_Task statement:_
From the line containing "Mr. Michael Lani" down to the final line of the entries below, quote every line verbatim. Exclude pictures.

Records drawn from a dataset

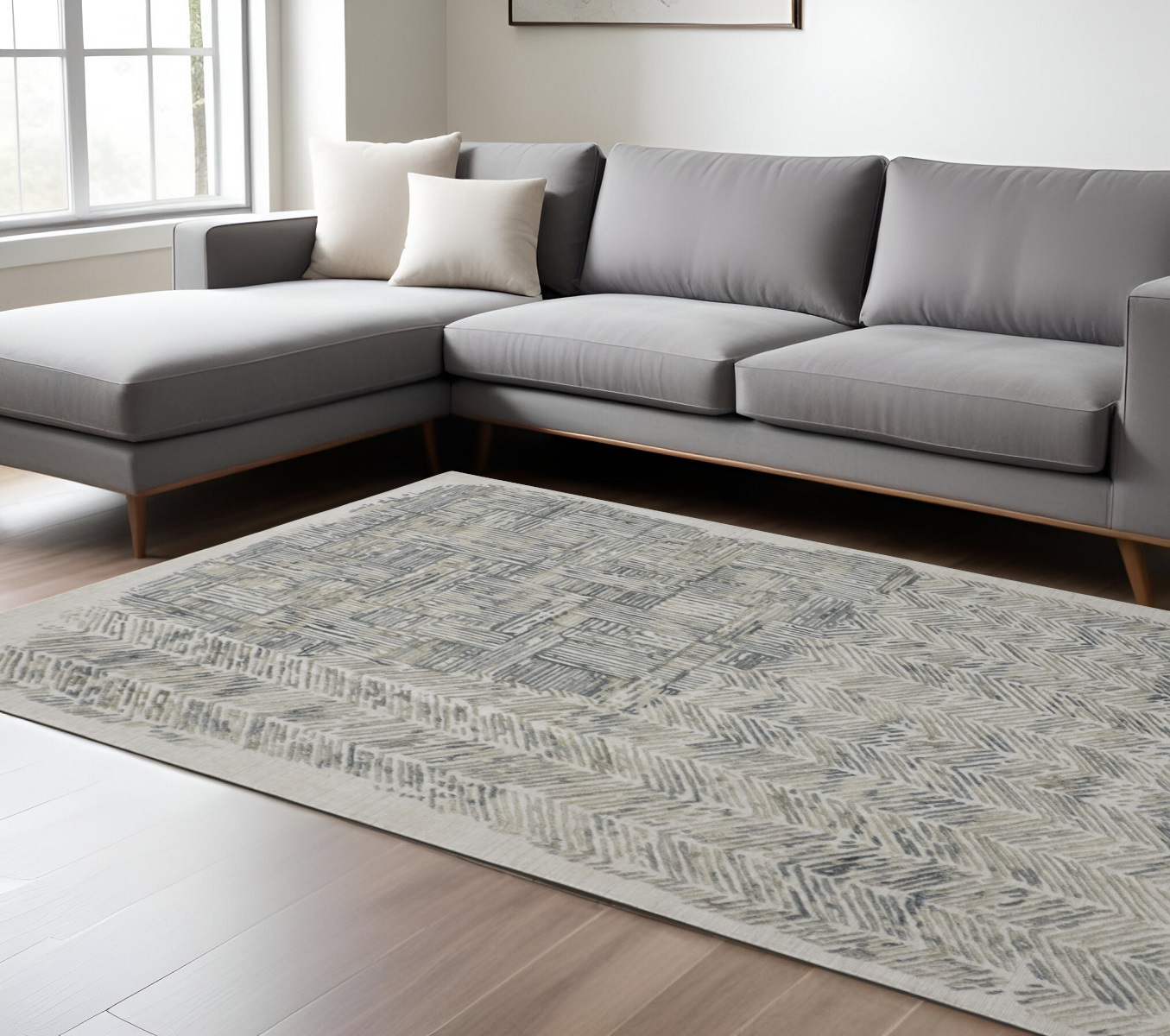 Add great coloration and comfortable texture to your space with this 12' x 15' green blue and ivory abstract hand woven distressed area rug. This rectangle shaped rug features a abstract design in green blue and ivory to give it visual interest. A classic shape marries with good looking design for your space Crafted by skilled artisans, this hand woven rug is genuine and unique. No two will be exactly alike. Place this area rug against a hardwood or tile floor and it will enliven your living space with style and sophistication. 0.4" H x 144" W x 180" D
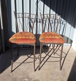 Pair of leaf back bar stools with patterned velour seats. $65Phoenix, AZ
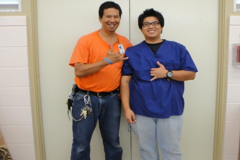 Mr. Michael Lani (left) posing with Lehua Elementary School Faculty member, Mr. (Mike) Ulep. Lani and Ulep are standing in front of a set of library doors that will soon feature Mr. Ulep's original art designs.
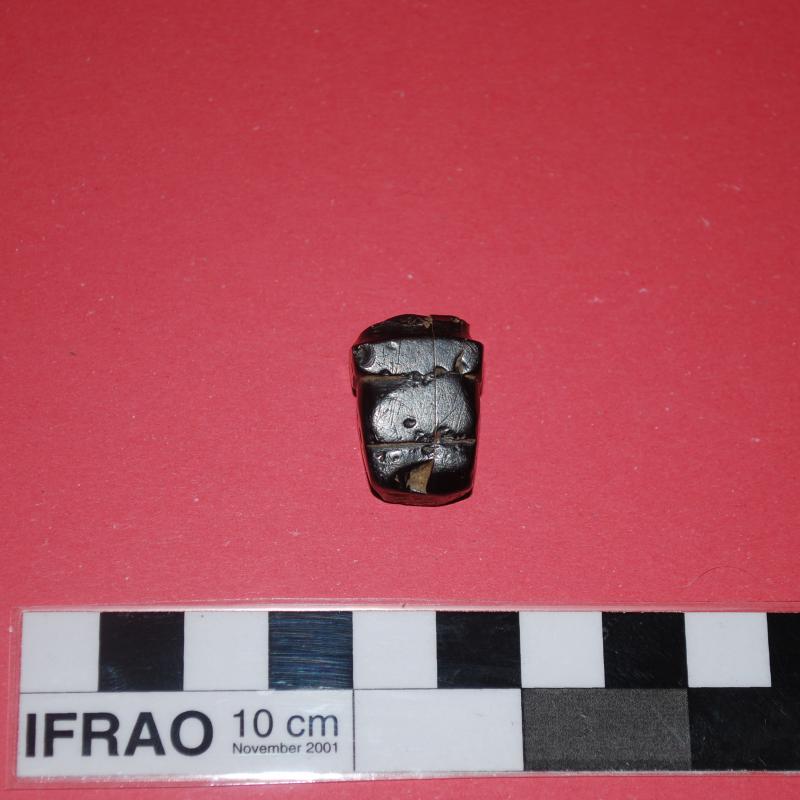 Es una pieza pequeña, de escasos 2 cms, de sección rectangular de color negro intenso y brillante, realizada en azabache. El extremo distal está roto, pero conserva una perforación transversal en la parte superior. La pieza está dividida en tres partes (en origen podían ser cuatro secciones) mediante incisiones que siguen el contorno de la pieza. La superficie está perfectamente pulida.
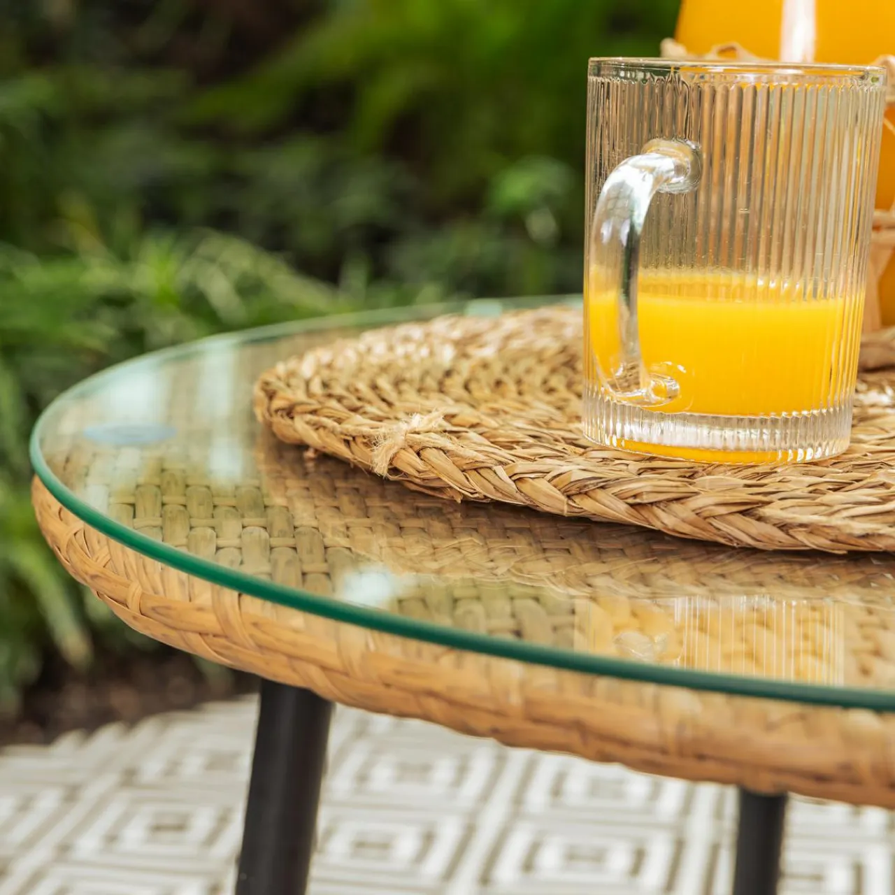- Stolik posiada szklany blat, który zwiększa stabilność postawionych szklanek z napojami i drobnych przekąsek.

_Solution:_
 Mr. Michael Lani (left) posing with Lehua Elementary School Faculty member, Mr. (Mike) Ulep. Lani and Ulep are standing in front of a set of library doors that will soon feature Mr. Ulep's original art designs.
 Es una pieza pequeña, de escasos 2 cms, de sección rectangular de color negro intenso y brillante, realizada en azabache. El extremo distal está roto, pero conserva una perforación transversal en la parte superior. La pieza está dividida en tres partes (en origen podían ser cuatro secciones) mediante incisiones que siguen el contorno de la pieza. La superficie está perfectamente pulida.
- Stolik posiada szklany blat, który zwiększa stabilność postawionych szklanek z napojami i drobnych przekąsek.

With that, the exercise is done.